Competitive Landscape: Charles River competes in the marketplace based on its therapeutic and scientific expertise in early-stage drug research, quality, reputation, flexibility, responsiveness, pricing, innovation and global capabilities. The company primarily faces a broad range of competitors of different sizes and capabilities in each of its three business segments. This fiercely competitive global market impacts CRL’s market capitalization scenario.

Estimate Trend

The Zacks Consensus Estimate for Charles River’s 2023 earnings has remained constant at $10.58 in the past 30 days.

The Zacks Consensus Estimate for the company’s 2023 revenues is pegged at $4.10 billion, suggesting a 3.2% increase from the year-ago reported number.

Key Picks

Some better-ranked stocks in the broader medical space are Cardinal Health CAH, Stryker SYK and DaVita DVA.

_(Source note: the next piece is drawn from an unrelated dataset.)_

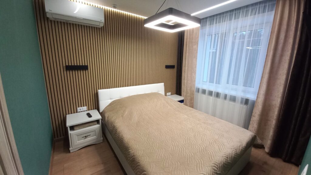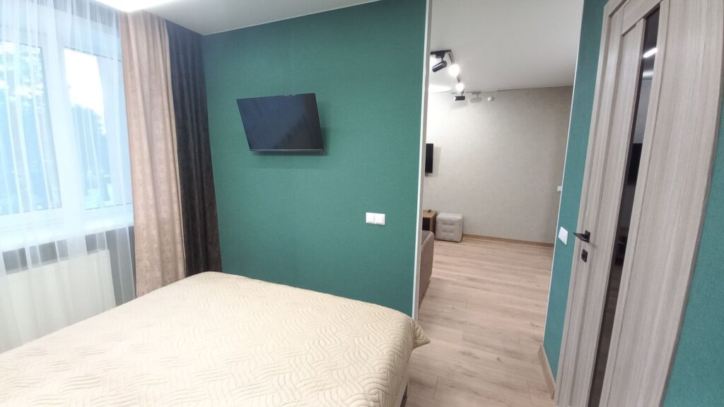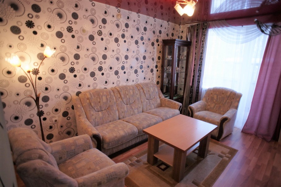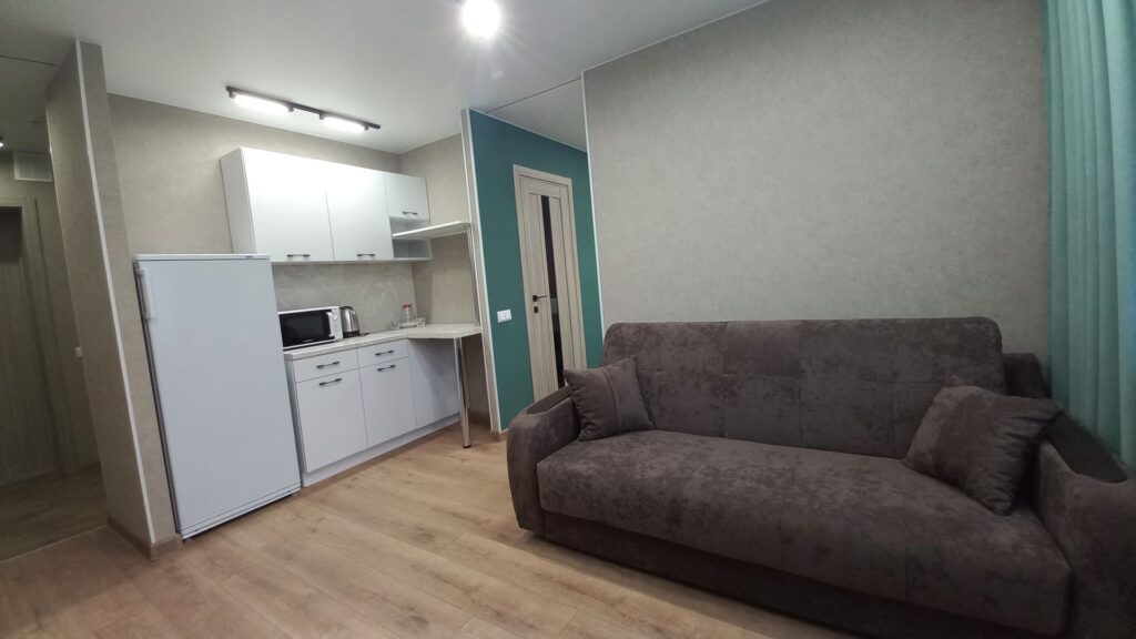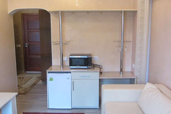 Площадь номера - 35 кв.м. 2 осн. места. 2 доп. места. Балкон. Мебель: вешалка, диван раскладной, зеркало, кровать двуспальная, кухонная мебель, прикроватные тумбочки, стол, стулья, шкаф. Мини-кухня. Оборудование: микроволновая печь, набор посуды, телевизор, холодильник, электрочайник. Санузел: с душевой кабиной, туалетные принадлежности, фен. Сервис: Wi-Fi бесплатно, смена полотенец (по требованию), смена постельного белья (1 раз в неделю), уборка номера (ежедневно).
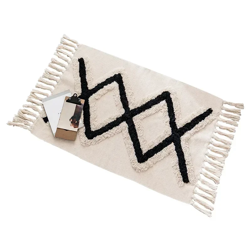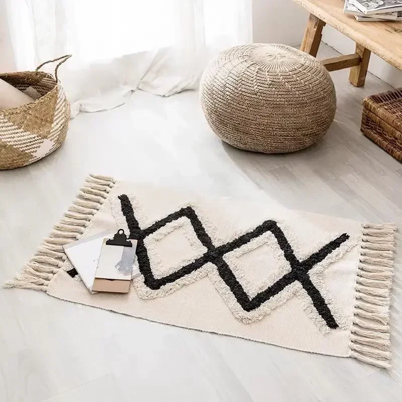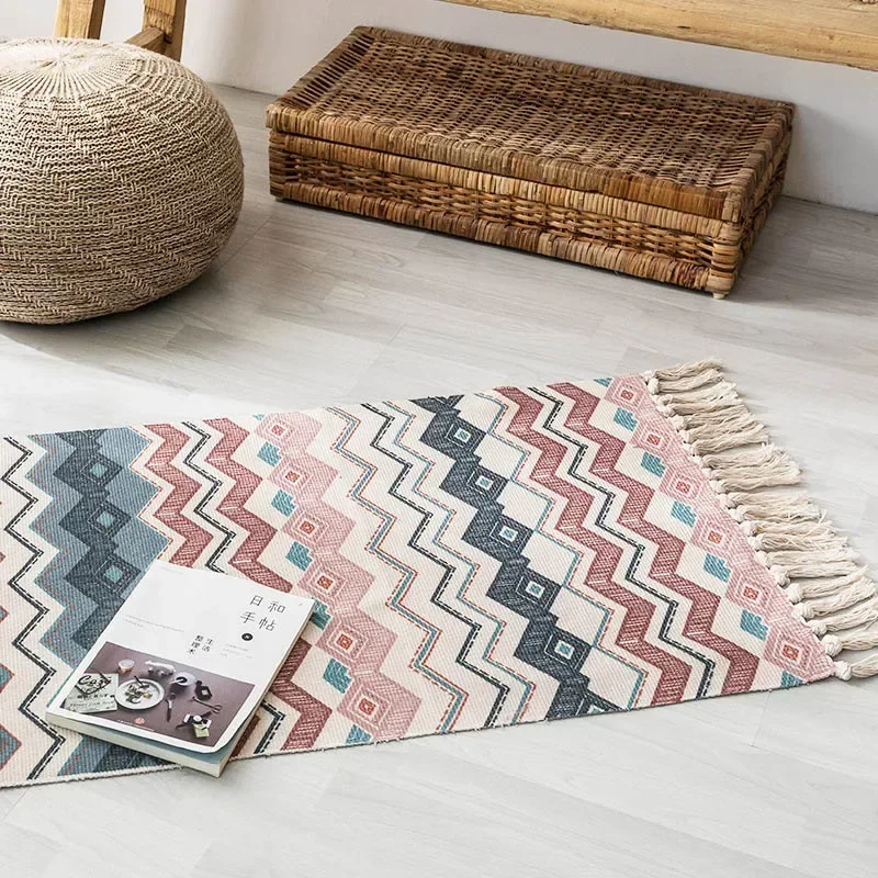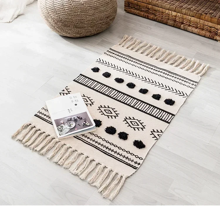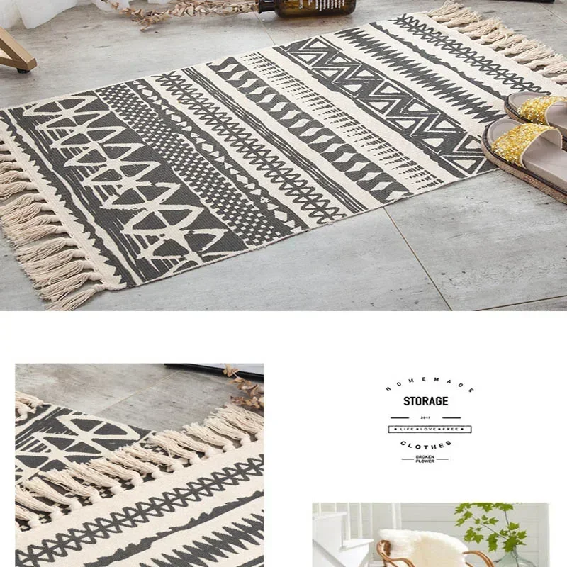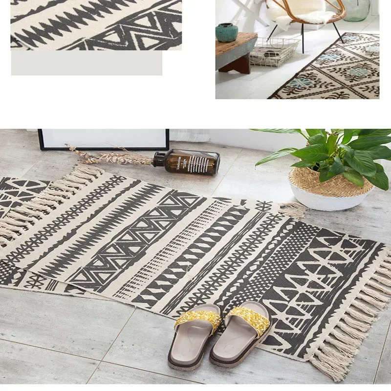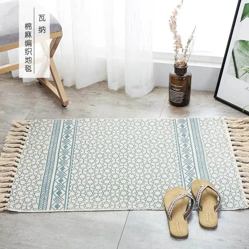 Alfombra de lino y algodón con borlas, tapete Retro bohemio, tapiz tejido a mano, manta decorativa, decoración del hogar

Cardinal Health has a long-term estimated earnings growth rate of 15.3% compared with the industry’s 11.8%. CAH’s earnings surpassed the estimates in each of the trailing four quarters, the average surprise being 15.6%. Its shares have increased 31.5% compared with the industry’s 11.1% rise in the past year.

CAH carries a Zacks Rank #2 (Buy) at present. You can see the complete list of today’s Zacks #1 Rank (Strong Buy) stocks here.

Stryker, carrying a Zacks Rank #2 at present, has an earnings yield of 3.46% against the industry’s -0.75%. Shares of the company have increased 28.8% compared with the industry’s 4% rise over the past year.

SYK’s earnings surpassed estimates in each of the trailing four quarters, the average surprise being 5.09%. In the last reported quarter, it delivered an average earnings surprise of 5.81%.

DaVita, carrying a Zacks Rank #2 at present, has an estimated long-term earnings growth rate of 17.3% compared with the industry’s 11.9%. Shares of DVA have rallied 37.9% compared with the industry’s 8.4% rise over the past year.

DVA’s earnings surpassed estimates in each of the trailing four quarters, the average surprise being 36.6%. In the last reported quarter, it delivered an average earnings surprise of 48.4%.